Stored items from a collection:
◆ ◆ ◆ ◆
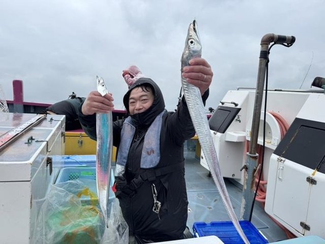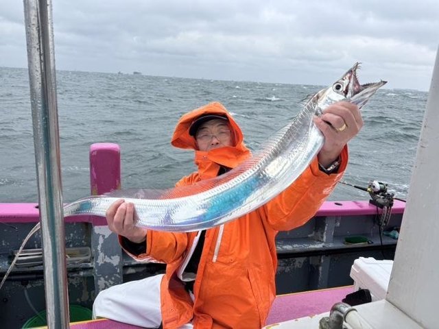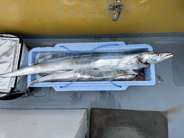 70~123cm 1~14匹 本日もタチウオ船出船できました。 朝一、港前から ウロウロ反応探しましたが、見つからず 少し風が落ち着いてきたので 観音崎沖に移動し すぐ反応確認でき、テンヤ優勢にポツポツと見れ 一隻だったので 反応見たり見失ったりの繰り返しで苦戦しました… ラストに巨大反応見つかり ラストにプチ盛り上がりがありました! 最大123センチに120以上は6本ゲットでき トップテンヤで14本・二番手12本・三番手11本でした。 たかし船長
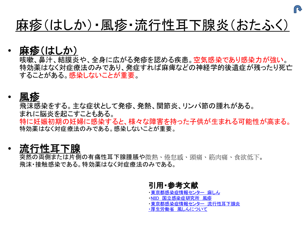#75. 麻疹(はしか)・風疹・流行性耳下腺炎(おたふく) • 麻疹(はしか) 咳嗽、鼻汁、結膜炎や、全身に広がる発疹を認める疾患。空気感染であり感染力が強い。 特効薬はなく対症療法のみであり、発症すれば麻痺などの神経学的後遺症が残ったり死亡 することがある。感染しないことが重要。 • 風疹 飛沫感染をする。主な症状として発疹、発熱、関節炎、リンパ節の腫れがある。 まれに脳炎を起こすこともある。 特に妊娠初期の妊婦に感染すると、様々な障害を持った子供が生まれる可能性が高まる。 特効薬はなく対症療法のみである。感染しないことが重要。 • 流行性耳下腺 突然の両側または片側の有痛性耳下腺腫脹や微熱、倦怠感、頭痛、筋肉痛、食欲低下。 飛沫・接触感染である。特効薬はなく対症療法のみである。 引用・参考文献 ・東京都感染症情報センター 麻しん ・NIID 国立感染症研究所 風疹 ・東京都感染症情報センター 流行性耳下腺炎 ・厚生労働省 風しんについて
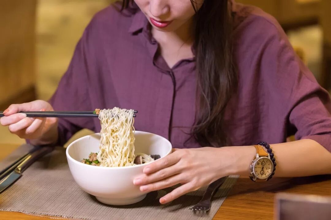 手工面的分量很足,有菇类和油豆腐做配菜,另外还可以自己加上卤肉和酸豆角等配料。
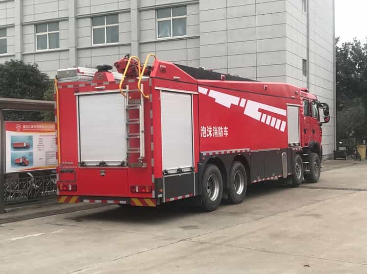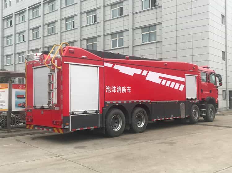 重汽豪沃JDF5430GXFSG250/Z6型25噸水罐消防車采用重汽豪沃ZZ5447TXFV466MF5底盤改裝而成。整車由消防員乘員室和車身兩大部分組成,乘員室為原裝雙排,可乘坐2+4人,該車為外露罐結(jié)構(gòu),中部為罐體,后部為泵房。載液罐體為PP材質(zhì),與底盤采用彈性連接,載水量25200kg,裝備了陜西航天動(dòng)力高科技股份有限公司生產(chǎn)CB10/100-TB型常壓消防泵,額定流量80L/S,車頂安裝成都威斯特消防機(jī)械有限公司生產(chǎn)的PS8/80W型車用消防炮。該車最大的特點(diǎn)是載液量大、操控性好、維修簡(jiǎn)便。可廣泛應(yīng)用于公安消防隊(duì)、廠礦企業(yè)及社區(qū)、碼頭等場(chǎng)所,撲救大型油類火災(zāi)和一般物質(zhì)火災(zāi)。
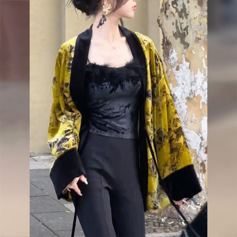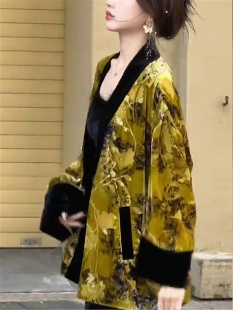 2744 Новый китайский стиль бархатный пиджак женского нового взрывного осеннего стиля
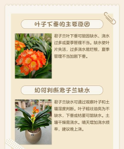 4、水分。君子兰的浇水是需要更具情况改变的,不同的季节需要浇的水量也不一样,最重要是避免盆内有积水,若有积水,需要尽快排除积水,避免烂根。
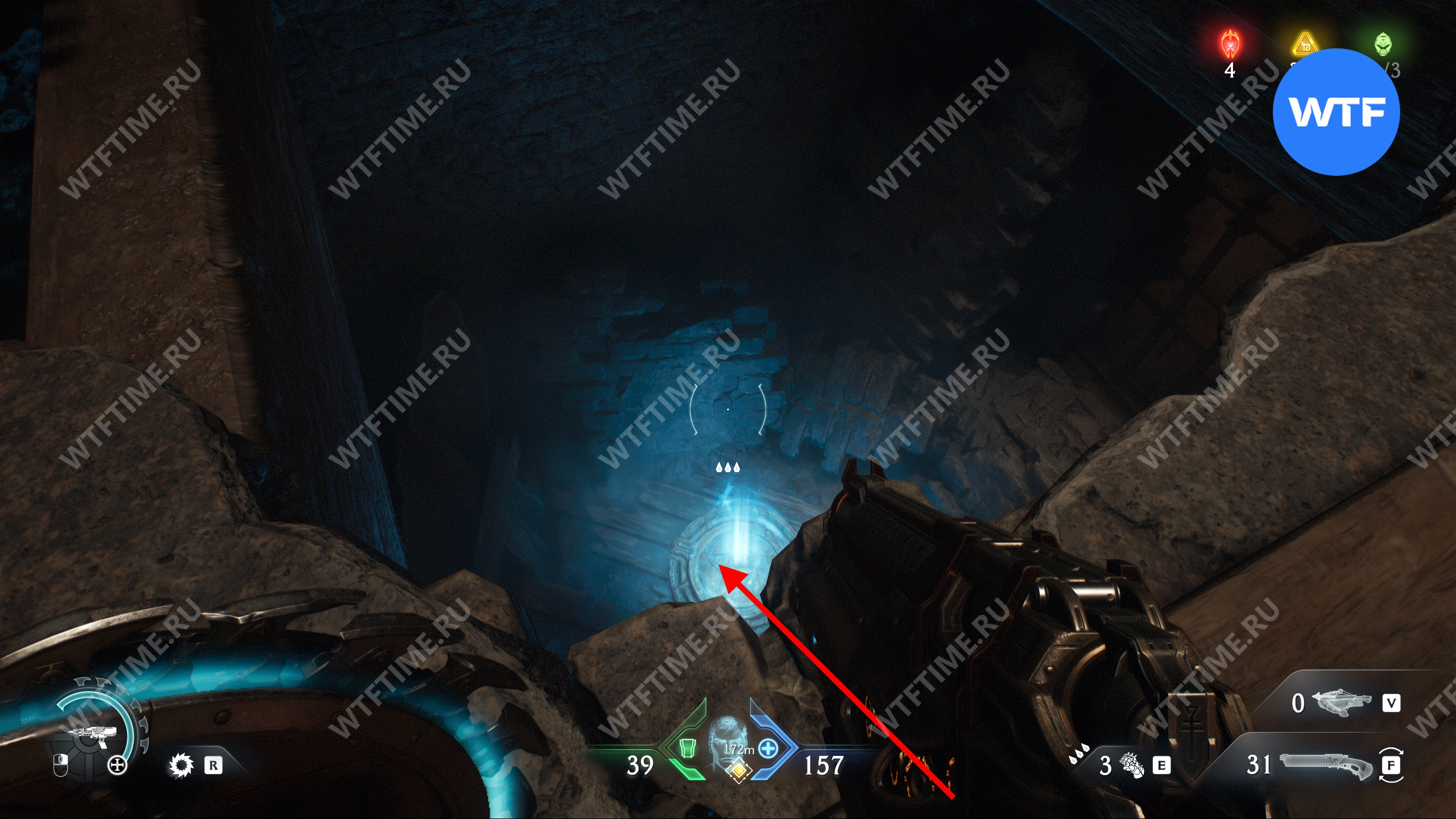 Продолжайте идти вперед, пока не подберете синий череп по сюжету. Не идите пока в ворота перед ним. Вместо этого развернитесь и идите налево, чтобы найти большую дыру в полу.
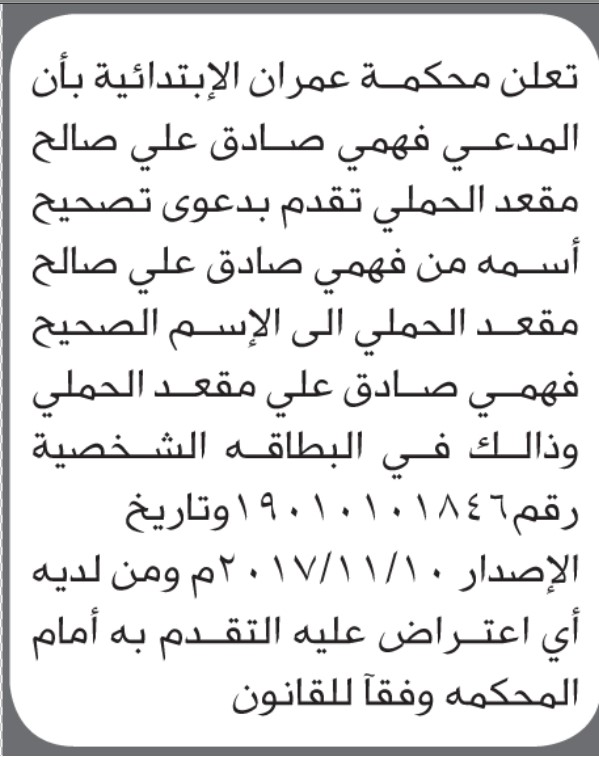 تقدم الى محكمة عمران الأخ فهمي الحملي بطلب تصحيح اسمه إعلاناتمحاكم On نوفمبر 21, 2025 Share Share FacebookTwitterWhatsAppTelegramGoogle+البريد الإلكترونيPrint
◆ ◆ ◆ ◆
From the first line to the last, retype the data exactly, without images.

 70~123cm 1~14匹 本日もタチウオ船出船できました。 朝一、港前から ウロウロ反応探しましたが、見つからず 少し風が落ち着いてきたので 観音崎沖に移動し すぐ反応確認でき、テンヤ優勢にポツポツと見れ 一隻だったので 反応見たり見失ったりの繰り返しで苦戦しました… ラストに巨大反応見つかり ラストにプチ盛り上がりがありました! 最大123センチに120以上は6本ゲットでき トップテンヤで14本・二番手12本・三番手11本でした。 たかし船長
#75. 麻疹(はしか)・風疹・流行性耳下腺炎(おたふく) • 麻疹(はしか) 咳嗽、鼻汁、結膜炎や、全身に広がる発疹を認める疾患。空気感染であり感染力が強い。 特効薬はなく対症療法のみであり、発症すれば麻痺などの神経学的後遺症が残ったり死亡 することがある。感染しないことが重要。 • 風疹 飛沫感染をする。主な症状として発疹、発熱、関節炎、リンパ節の腫れがある。 まれに脳炎を起こすこともある。 特に妊娠初期の妊婦に感染すると、様々な障害を持った子供が生まれる可能性が高まる。 特効薬はなく対症療法のみである。感染しないことが重要。 • 流行性耳下腺 突然の両側または片側の有痛性耳下腺腫脹や微熱、倦怠感、頭痛、筋肉痛、食欲低下。 飛沫・接触感染である。特効薬はなく対症療法のみである。 引用・参考文献 ・東京都感染症情報センター 麻しん ・NIID 国立感染症研究所 風疹 ・東京都感染症情報センター 流行性耳下腺炎 ・厚生労働省 風しんについて
 手工面的分量很足,有菇类和油豆腐做配菜,另外还可以自己加上卤肉和酸豆角等配料。
 重汽豪沃JDF5430GXFSG250/Z6型25噸水罐消防車采用重汽豪沃ZZ5447TXFV466MF5底盤改裝而成。整車由消防員乘員室和車身兩大部分組成,乘員室為原裝雙排,可乘坐2+4人,該車為外露罐結(jié)構(gòu),中部為罐體,后部為泵房。載液罐體為PP材質(zhì),與底盤采用彈性連接,載水量25200kg,裝備了陜西航天動(dòng)力高科技股份有限公司生產(chǎn)CB10/100-TB型常壓消防泵,額定流量80L/S,車頂安裝成都威斯特消防機(jī)械有限公司生產(chǎn)的PS8/80W型車用消防炮。該車最大的特點(diǎn)是載液量大、操控性好、維修簡(jiǎn)便。可廣泛應(yīng)用于公安消防隊(duì)、廠礦企業(yè)及社區(qū)、碼頭等場(chǎng)所,撲救大型油類火災(zāi)和一般物質(zhì)火災(zāi)。
 2744 Новый китайский стиль бархатный пиджак женского нового взрывного осеннего стиля
 4、水分。君子兰的浇水是需要更具情况改变的,不同的季节需要浇的水量也不一样,最重要是避免盆内有积水,若有积水,需要尽快排除积水,避免烂根。
 Продолжайте идти вперед, пока не подберете синий череп по сюжету. Не идите пока в ворота перед ним. Вместо этого развернитесь и идите налево, чтобы найти большую дыру в полу.
 تقدم الى محكمة عمران الأخ فهمي الحملي بطلب تصحيح اسمه إعلاناتمحاكم On نوفمبر 21, 2025 Share Share FacebookTwitterWhatsAppTelegramGoogle+البريد الإلكترونيPrint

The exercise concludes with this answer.